▼▼▼

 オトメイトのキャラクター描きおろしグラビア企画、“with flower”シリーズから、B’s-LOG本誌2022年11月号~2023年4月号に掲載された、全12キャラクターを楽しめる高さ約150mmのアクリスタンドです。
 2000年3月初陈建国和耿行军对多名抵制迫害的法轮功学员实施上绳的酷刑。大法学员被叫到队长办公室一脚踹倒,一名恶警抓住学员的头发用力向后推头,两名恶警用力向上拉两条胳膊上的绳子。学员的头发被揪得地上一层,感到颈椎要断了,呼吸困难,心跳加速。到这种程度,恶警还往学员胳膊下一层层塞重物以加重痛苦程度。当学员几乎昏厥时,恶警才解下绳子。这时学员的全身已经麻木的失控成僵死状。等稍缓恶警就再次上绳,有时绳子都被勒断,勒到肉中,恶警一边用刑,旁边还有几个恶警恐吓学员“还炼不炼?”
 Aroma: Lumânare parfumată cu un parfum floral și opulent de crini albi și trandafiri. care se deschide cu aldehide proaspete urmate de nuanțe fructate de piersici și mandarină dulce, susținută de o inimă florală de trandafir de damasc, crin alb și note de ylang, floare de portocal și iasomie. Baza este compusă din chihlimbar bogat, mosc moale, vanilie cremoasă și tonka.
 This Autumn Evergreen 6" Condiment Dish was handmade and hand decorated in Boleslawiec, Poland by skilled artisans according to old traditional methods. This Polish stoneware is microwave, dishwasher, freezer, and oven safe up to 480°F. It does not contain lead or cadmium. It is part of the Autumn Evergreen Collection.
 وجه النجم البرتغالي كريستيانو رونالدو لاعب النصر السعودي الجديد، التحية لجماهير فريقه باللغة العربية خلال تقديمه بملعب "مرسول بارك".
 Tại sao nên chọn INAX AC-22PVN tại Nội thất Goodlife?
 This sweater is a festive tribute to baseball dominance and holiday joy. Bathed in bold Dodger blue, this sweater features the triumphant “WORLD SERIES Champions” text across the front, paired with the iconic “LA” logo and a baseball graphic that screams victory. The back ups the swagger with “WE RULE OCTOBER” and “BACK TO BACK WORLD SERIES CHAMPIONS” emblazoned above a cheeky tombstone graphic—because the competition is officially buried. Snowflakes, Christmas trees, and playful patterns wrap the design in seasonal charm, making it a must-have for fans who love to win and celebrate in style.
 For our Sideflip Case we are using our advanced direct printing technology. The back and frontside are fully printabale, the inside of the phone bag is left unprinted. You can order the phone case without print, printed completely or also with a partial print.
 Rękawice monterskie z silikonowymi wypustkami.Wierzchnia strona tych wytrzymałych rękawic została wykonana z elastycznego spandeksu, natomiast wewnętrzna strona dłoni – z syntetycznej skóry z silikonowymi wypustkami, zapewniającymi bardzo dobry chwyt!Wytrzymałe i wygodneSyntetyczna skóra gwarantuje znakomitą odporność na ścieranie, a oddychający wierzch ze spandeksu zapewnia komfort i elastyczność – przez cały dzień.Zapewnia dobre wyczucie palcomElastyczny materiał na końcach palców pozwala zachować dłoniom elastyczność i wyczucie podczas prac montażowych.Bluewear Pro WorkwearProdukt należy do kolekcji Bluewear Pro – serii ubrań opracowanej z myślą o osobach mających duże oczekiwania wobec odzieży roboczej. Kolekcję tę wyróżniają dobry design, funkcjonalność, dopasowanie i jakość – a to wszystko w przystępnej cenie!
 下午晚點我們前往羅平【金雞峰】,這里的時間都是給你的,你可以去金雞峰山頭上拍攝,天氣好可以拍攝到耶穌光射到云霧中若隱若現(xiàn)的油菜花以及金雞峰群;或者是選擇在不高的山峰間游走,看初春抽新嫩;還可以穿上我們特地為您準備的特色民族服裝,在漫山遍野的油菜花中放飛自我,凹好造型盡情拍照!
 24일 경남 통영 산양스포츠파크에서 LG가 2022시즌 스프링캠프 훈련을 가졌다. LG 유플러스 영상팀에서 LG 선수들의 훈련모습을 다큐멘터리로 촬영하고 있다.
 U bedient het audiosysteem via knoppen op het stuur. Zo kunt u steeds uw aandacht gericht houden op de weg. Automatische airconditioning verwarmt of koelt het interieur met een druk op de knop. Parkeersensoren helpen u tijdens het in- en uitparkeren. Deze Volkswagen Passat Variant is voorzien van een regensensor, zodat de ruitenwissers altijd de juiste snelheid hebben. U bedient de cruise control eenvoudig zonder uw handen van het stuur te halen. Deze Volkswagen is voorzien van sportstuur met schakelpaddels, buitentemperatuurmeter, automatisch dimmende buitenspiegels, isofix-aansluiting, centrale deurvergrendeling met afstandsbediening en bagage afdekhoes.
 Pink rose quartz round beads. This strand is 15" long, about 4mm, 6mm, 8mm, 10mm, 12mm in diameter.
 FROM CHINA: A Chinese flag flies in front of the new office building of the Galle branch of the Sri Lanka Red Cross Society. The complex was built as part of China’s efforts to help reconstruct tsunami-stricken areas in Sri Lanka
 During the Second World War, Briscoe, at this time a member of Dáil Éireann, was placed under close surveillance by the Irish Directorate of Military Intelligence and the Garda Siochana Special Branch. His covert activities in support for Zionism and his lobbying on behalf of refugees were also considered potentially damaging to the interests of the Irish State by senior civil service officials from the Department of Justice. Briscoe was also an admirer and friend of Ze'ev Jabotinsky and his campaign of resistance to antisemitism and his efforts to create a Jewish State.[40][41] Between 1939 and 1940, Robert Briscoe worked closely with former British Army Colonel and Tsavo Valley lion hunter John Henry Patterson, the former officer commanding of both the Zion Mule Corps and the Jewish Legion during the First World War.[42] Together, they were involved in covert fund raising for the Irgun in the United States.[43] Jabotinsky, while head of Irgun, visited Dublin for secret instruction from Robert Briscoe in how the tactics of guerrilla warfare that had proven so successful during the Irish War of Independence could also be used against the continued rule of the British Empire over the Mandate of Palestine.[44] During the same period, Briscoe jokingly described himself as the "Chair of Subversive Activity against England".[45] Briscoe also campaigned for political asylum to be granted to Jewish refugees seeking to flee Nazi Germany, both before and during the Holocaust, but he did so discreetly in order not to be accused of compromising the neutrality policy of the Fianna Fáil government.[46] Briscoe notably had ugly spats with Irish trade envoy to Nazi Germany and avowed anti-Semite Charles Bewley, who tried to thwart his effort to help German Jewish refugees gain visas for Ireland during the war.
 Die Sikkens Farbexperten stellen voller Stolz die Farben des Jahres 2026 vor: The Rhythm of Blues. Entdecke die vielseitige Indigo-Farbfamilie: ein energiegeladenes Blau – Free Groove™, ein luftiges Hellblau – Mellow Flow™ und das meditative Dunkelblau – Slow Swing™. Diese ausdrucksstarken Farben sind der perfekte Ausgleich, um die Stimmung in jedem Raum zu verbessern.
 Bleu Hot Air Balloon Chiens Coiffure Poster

▲▲▲

Exercise details | Copy every entry exactly. Leave nothing out.

Written response |
 オトメイトのキャラクター描きおろしグラビア企画、“with flower”シリーズから、B’s-LOG本誌2022年11月号~2023年4月号に掲載された、全12キャラクターを楽しめる高さ約150mmのアクリスタンドです。
 2000年3月初陈建国和耿行军对多名抵制迫害的法轮功学员实施上绳的酷刑。大法学员被叫到队长办公室一脚踹倒,一名恶警抓住学员的头发用力向后推头,两名恶警用力向上拉两条胳膊上的绳子。学员的头发被揪得地上一层,感到颈椎要断了,呼吸困难,心跳加速。到这种程度,恶警还往学员胳膊下一层层塞重物以加重痛苦程度。当学员几乎昏厥时,恶警才解下绳子。这时学员的全身已经麻木的失控成僵死状。等稍缓恶警就再次上绳,有时绳子都被勒断,勒到肉中,恶警一边用刑,旁边还有几个恶警恐吓学员“还炼不炼?”
 Aroma: Lumânare parfumată cu un parfum floral și opulent de crini albi și trandafiri. care se deschide cu aldehide proaspete urmate de nuanțe fructate de piersici și mandarină dulce, susținută de o inimă florală de trandafir de damasc, crin alb și note de ylang, floare de portocal și iasomie. Baza este compusă din chihlimbar bogat, mosc moale, vanilie cremoasă și tonka.
 This Autumn Evergreen 6" Condiment Dish was handmade and hand decorated in Boleslawiec, Poland by skilled artisans according to old traditional methods. This Polish stoneware is microwave, dishwasher, freezer, and oven safe up to 480°F. It does not contain lead or cadmium. It is part of the Autumn Evergreen Collection.
 وجه النجم البرتغالي كريستيانو رونالدو لاعب النصر السعودي الجديد، التحية لجماهير فريقه باللغة العربية خلال تقديمه بملعب "مرسول بارك".
 Tại sao nên chọn INAX AC-22PVN tại Nội thất Goodlife?
 This sweater is a festive tribute to baseball dominance and holiday joy. Bathed in bold Dodger blue, this sweater features the triumphant “WORLD SERIES Champions” text across the front, paired with the iconic “LA” logo and a baseball graphic that screams victory. The back ups the swagger with “WE RULE OCTOBER” and “BACK TO BACK WORLD SERIES CHAMPIONS” emblazoned above a cheeky tombstone graphic—because the competition is officially buried. Snowflakes, Christmas trees, and playful patterns wrap the design in seasonal charm, making it a must-have for fans who love to win and celebrate in style.
 For our Sideflip Case we are using our advanced direct printing technology. The back and frontside are fully printabale, the inside of the phone bag is left unprinted. You can order the phone case without print, printed completely or also with a partial print.
 Rękawice monterskie z silikonowymi wypustkami.Wierzchnia strona tych wytrzymałych rękawic została wykonana z elastycznego spandeksu, natomiast wewnętrzna strona dłoni – z syntetycznej skóry z silikonowymi wypustkami, zapewniającymi bardzo dobry chwyt!Wytrzymałe i wygodneSyntetyczna skóra gwarantuje znakomitą odporność na ścieranie, a oddychający wierzch ze spandeksu zapewnia komfort i elastyczność – przez cały dzień.Zapewnia dobre wyczucie palcomElastyczny materiał na końcach palców pozwala zachować dłoniom elastyczność i wyczucie podczas prac montażowych.Bluewear Pro WorkwearProdukt należy do kolekcji Bluewear Pro – serii ubrań opracowanej z myślą o osobach mających duże oczekiwania wobec odzieży roboczej. Kolekcję tę wyróżniają dobry design, funkcjonalność, dopasowanie i jakość – a to wszystko w przystępnej cenie!
 下午晚點我們前往羅平【金雞峰】,這里的時間都是給你的,你可以去金雞峰山頭上拍攝,天氣好可以拍攝到耶穌光射到云霧中若隱若現(xiàn)的油菜花以及金雞峰群;或者是選擇在不高的山峰間游走,看初春抽新嫩;還可以穿上我們特地為您準備的特色民族服裝,在漫山遍野的油菜花中放飛自我,凹好造型盡情拍照!
 24일 경남 통영 산양스포츠파크에서 LG가 2022시즌 스프링캠프 훈련을 가졌다. LG 유플러스 영상팀에서 LG 선수들의 훈련모습을 다큐멘터리로 촬영하고 있다.
 U bedient het audiosysteem via knoppen op het stuur. Zo kunt u steeds uw aandacht gericht houden op de weg. Automatische airconditioning verwarmt of koelt het interieur met een druk op de knop. Parkeersensoren helpen u tijdens het in- en uitparkeren. Deze Volkswagen Passat Variant is voorzien van een regensensor, zodat de ruitenwissers altijd de juiste snelheid hebben. U bedient de cruise control eenvoudig zonder uw handen van het stuur te halen. Deze Volkswagen is voorzien van sportstuur met schakelpaddels, buitentemperatuurmeter, automatisch dimmende buitenspiegels, isofix-aansluiting, centrale deurvergrendeling met afstandsbediening en bagage afdekhoes.
 Pink rose quartz round beads. This strand is 15" long, about 4mm, 6mm, 8mm, 10mm, 12mm in diameter.
 FROM CHINA: A Chinese flag flies in front of the new office building of the Galle branch of the Sri Lanka Red Cross Society. The complex was built as part of China’s efforts to help reconstruct tsunami-stricken areas in Sri Lanka
 During the Second World War, Briscoe, at this time a member of Dáil Éireann, was placed under close surveillance by the Irish Directorate of Military Intelligence and the Garda Siochana Special Branch. His covert activities in support for Zionism and his lobbying on behalf of refugees were also considered potentially damaging to the interests of the Irish State by senior civil service officials from the Department of Justice. Briscoe was also an admirer and friend of Ze'ev Jabotinsky and his campaign of resistance to antisemitism and his efforts to create a Jewish State.[40][41] Between 1939 and 1940, Robert Briscoe worked closely with former British Army Colonel and Tsavo Valley lion hunter John Henry Patterson, the former officer commanding of both the Zion Mule Corps and the Jewish Legion during the First World War.[42] Together, they were involved in covert fund raising for the Irgun in the United States.[43] Jabotinsky, while head of Irgun, visited Dublin for secret instruction from Robert Briscoe in how the tactics of guerrilla warfare that had proven so successful during the Irish War of Independence could also be used against the continued rule of the British Empire over the Mandate of Palestine.[44] During the same period, Briscoe jokingly described himself as the "Chair of Subversive Activity against England".[45] Briscoe also campaigned for political asylum to be granted to Jewish refugees seeking to flee Nazi Germany, both before and during the Holocaust, but he did so discreetly in order not to be accused of compromising the neutrality policy of the Fianna Fáil government.[46] Briscoe notably had ugly spats with Irish trade envoy to Nazi Germany and avowed anti-Semite Charles Bewley, who tried to thwart his effort to help German Jewish refugees gain visas for Ireland during the war.
 Die Sikkens Farbexperten stellen voller Stolz die Farben des Jahres 2026 vor: The Rhythm of Blues. Entdecke die vielseitige Indigo-Farbfamilie: ein energiegeladenes Blau – Free Groove™, ein luftiges Hellblau – Mellow Flow™ und das meditative Dunkelblau – Slow Swing™. Diese ausdrucksstarken Farben sind der perfekte Ausgleich, um die Stimmung in jedem Raum zu verbessern.
 Bleu Hot Air Balloon Chiens Coiffure Poster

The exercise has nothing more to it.